Dixneuf et al. utilized forward/side light scattering and metabolic auto-fluorescence in flow cytometry, combined with principal component analysis and one class support vector machine algorithms, to rapidly distinguish resistant and sensitive strains.76 This method, fully label-free and compatible with continuous-flow microfluidics, offers promising clinical potential. Graf et al. employed angle-resolved light scattering imaging of droplets encapsulating single bacterial cells.77 Using a convolutional neural network (EfficientNetV2-XL), they predicted bacterial growth status and MICs within a relatively short time for E. coli and Staphylococcus aureus. The approach, offering high throughput and no labeling, is well suited for automated droplet-based microfluidic systems (Fig. 5B). Yang et al. developed a dynamic holographic laser speckle imaging technique to assess bacterial motion under antibiotic treatment.78 Analysis with an artificial neural network enabled label-free MIC determination in a short timeframe with a detection limit of 103 CFU mL−1. Its simple optics and rapid output make it suitable for compact, low-cost diagnostic platforms.

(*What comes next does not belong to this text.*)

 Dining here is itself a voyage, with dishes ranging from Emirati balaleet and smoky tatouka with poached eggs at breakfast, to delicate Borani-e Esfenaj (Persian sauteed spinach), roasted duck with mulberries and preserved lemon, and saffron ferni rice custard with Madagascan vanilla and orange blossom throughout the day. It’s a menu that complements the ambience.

Overall, these unmarked optical imaging techniques demonstrate the feasibility of rapid, high-resolution AST without labeling, using light-scattering signatures and advanced computational analysis. Their integration with microfluidic systems offers an efficient path toward robust, miniaturized, and accessible diagnostic platforms capable of providing clinically actionable results within a few hours.

3.1.3 Raman-based AST. Raman spectroscopy offers a label-free, chemically specific detection method capable of capturing subtle biochemical changes in bacterial cells under antibiotic stress.79 Its integration into microfluidic AST platforms enables direct, multiplexed, and rapid phenotypic assessment with minimal sample preparation.80 The development of surface-enhanced Raman scattering (SERS) has significantly improved detection sensitivity, enabling single-cell level resolution and real-time analysis.

Chen et al. introduced a 3D-ACEK/SERS microfluidic chip that separates bacteria from whole blood and concentrates them onto a SERS-active electrode for AST.81 By utilizing dielectrophoresis and AC electroosmosis, this platform enables rapid detection of bacterial response to antibiotics with high sensitivity and good compatibility with clinical blood samples. Lin et al. developed an antibiotic concentration gradient microfluidic (ACGM) chip integrated with a reusable SERS substrate82 (Fig. 5C). The device generated 792 reaction chambers exposed to varying antibiotic levels, enabling high-throughput AST with Raman spectra acquired after a 3-hour incubation. The system provided semi-quantitative assessments of MIC and bacterial stress responses, offering both spatial resolution and automation potential.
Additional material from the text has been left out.